To heal was to honor myself with the same grace I might reserve for a loved one. And yet, healing also requires outward expressions of love. The connections I rebuilt with others provided anchoring threads when despair tempted me to unravel. Giving love became reciprocal in its healing effects; as I mended relationships, I found myself becoming whole.
Forgiveness is a radical act of self-liberation.
When I first confronted the idea of forgiving others, I recoiled. The transgressions committed against me felt too vast, too devastating. But the longer I carried resentment, the clearer it became that the burden wasn’t theirs to bear; it was mine.
Forgiveness isn’t synonymous with forgetting. It doesn’t excuse the harm or demand reconciliation. Instead, forgiveness was about untangling myself from the grip of past wrongs. It was a gift of freedom I offered myself, an act of reclaiming my peace. And crucially, forgiveness extended to others began with forgiving myself—not for being imperfect, but for being human.
If you’re ready to turn your own adversity into a source of strength, here are practical steps I’ve found invaluable:
1. Start with Self-Awareness
Take time to sit quietly with your feelings, no matter how uncomfortable they may be. Journaling can help you articulate what’s weighing on you and what aspects of your life need healing.
2. Practice Radical Self-Compassion
Treat yourself as you would a friend in distress. Allow yourself the freedom to stumble, grow, and reimagine your life.
3. Create Small Rituals of Self-Love
Commit to daily acts that show care for yourself. This could be as simple as steeping a favorite tea, meditating, or decluttering your space.
4. Write a Forgiveness Letter
Whether the letter is to someone else or yourself, put into words what is holding you back. You don’t have to send it; the act of writing alone can often bring clarity and release.
5. Redefine Your Story
Don’t allow your trauma to dictate the narrative of your life. Focus on how you’ve grown, what you’ve learned, and how your light can change someone else’s world.
6. Surround Yourself with a Supportive Community
Healing in isolation is a heavy undertaking. Find people who share your values and goals, or join a group that focuses on personal growth and recovery.
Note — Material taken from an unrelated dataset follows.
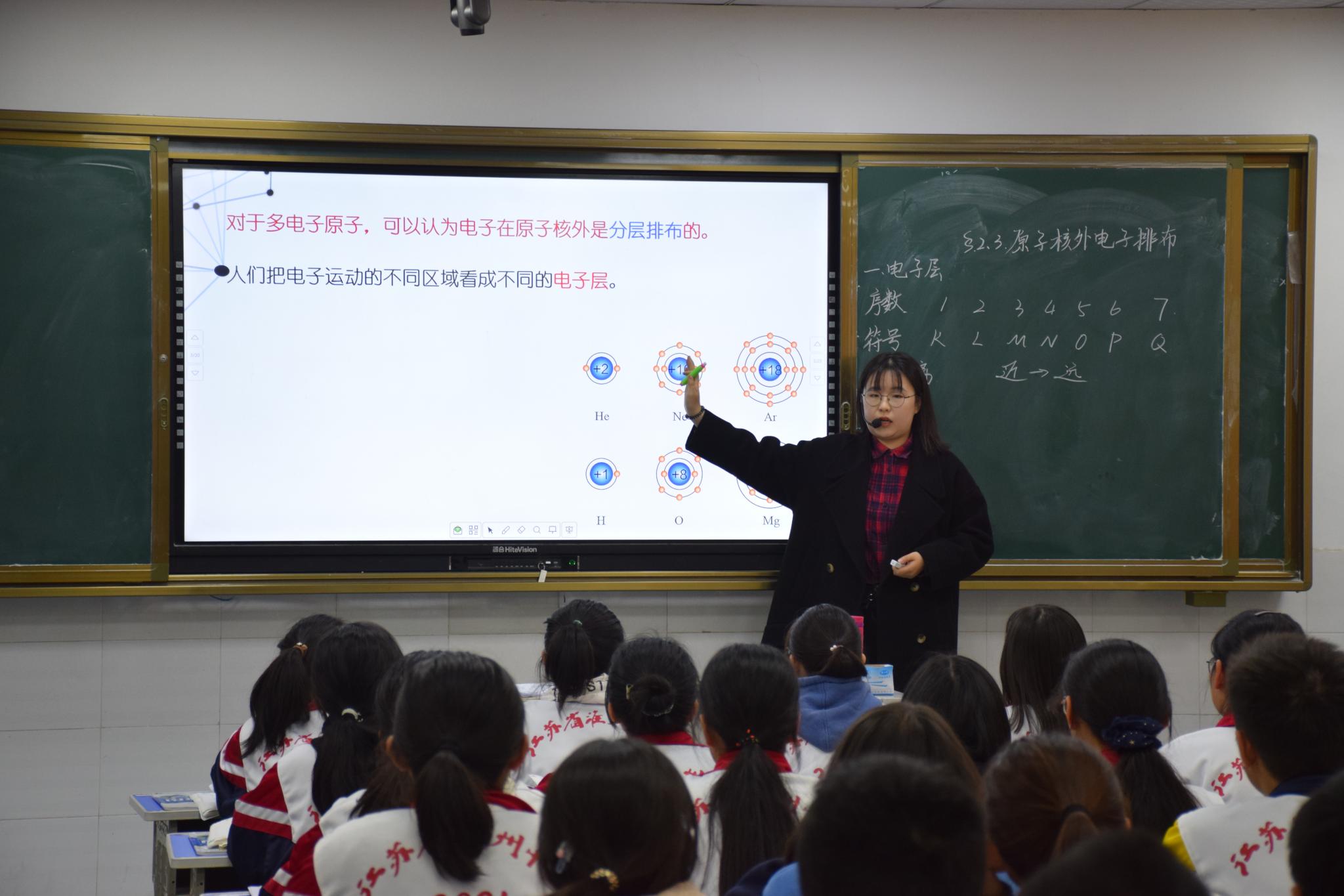 第一环节,2018级实习生孔凡璐同学示范讲课。教学过程中孔凡璐以“卢瑟福的行星模型和玻尔的轨道理论”的化学史内容作为情境线导入本次课“原子核外电子的排布”,以图片展示稀有气体电子的分层排布现象,来提升员工对原子结构及物质性质的认识水平;通过与高一(六)员工的互动强化描述电子层的序数、符号、离核距离和能量高低的具体知识点,再由电子层的学习探究、交流讨论进一步过渡到学以致用的课堂练习。充分体现出员工的主体性和主动性。

Adversity might shape us, but it needn’t define us. Even in the deepest moments of despair, there exists the potential for light. Transforming trauma into self-love and forgiveness doesn’t mean erasing the darkness; it means learning to hold it alongside the brightness. It’s a practice, a process, an ongoing act of self-discovery.
I encourage you to take these steps, not as a prescription but as an invitation to explore your own path toward healing. Share this blog post with someone who may need a glimmer of hope, or even just a sense of solidarity. Reflect on these insights and integrate them into your daily life. If you feel so inclined, leave a comment sharing your own experience; your light might guide someone else.
For more on self-love, forgiveness, and personal growth, talk with trusted advisors and friends, and explore other resources.
Together, we can create light even in life’s darkest corners.